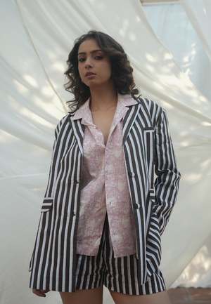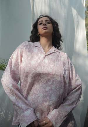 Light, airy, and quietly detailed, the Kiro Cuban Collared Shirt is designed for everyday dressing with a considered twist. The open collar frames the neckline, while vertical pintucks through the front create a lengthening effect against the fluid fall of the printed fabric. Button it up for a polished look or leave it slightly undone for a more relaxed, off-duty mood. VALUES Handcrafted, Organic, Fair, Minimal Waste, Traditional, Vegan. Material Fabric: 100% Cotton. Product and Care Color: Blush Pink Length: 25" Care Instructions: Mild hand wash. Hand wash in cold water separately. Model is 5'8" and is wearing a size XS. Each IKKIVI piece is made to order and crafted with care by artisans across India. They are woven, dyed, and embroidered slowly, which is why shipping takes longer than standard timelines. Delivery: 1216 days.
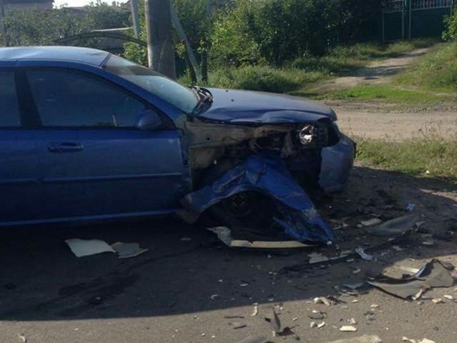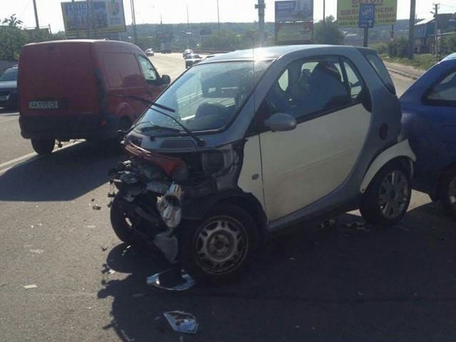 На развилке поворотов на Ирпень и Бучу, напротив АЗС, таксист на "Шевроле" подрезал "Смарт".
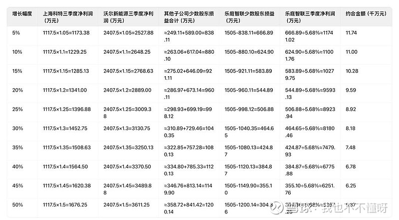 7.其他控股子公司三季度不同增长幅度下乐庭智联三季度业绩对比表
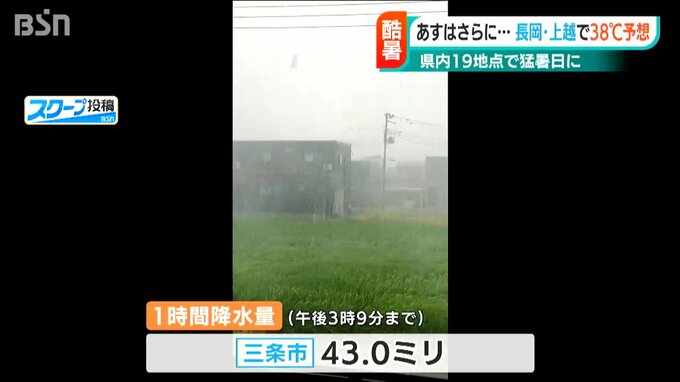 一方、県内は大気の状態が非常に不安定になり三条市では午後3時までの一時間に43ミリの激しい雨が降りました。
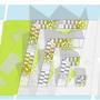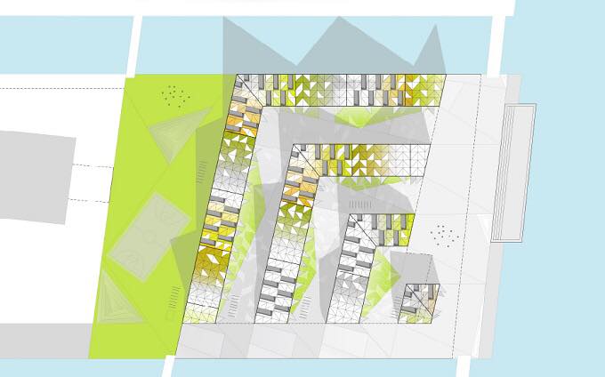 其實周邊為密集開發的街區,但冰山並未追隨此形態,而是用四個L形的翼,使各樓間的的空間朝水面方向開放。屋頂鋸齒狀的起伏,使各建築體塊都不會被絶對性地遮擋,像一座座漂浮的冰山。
====
- Task description:
What the answer must hold is the exact text of every line from the one containing "7.其他控股子公司三季度不同增长幅度下乐庭智联三季度业绩对比表" through the end of the data, minus any pictures.

- Task result:
 7.其他控股子公司三季度不同增长幅度下乐庭智联三季度业绩对比表
 一方、県内は大気の状態が非常に不安定になり三条市では午後3時までの一時間に43ミリの激しい雨が降りました。
 其實周邊為密集開發的街區,但冰山並未追隨此形態,而是用四個L形的翼,使各樓間的的空間朝水面方向開放。屋頂鋸齒狀的起伏,使各建築體塊都不會被絶對性地遮擋,像一座座漂浮的冰山。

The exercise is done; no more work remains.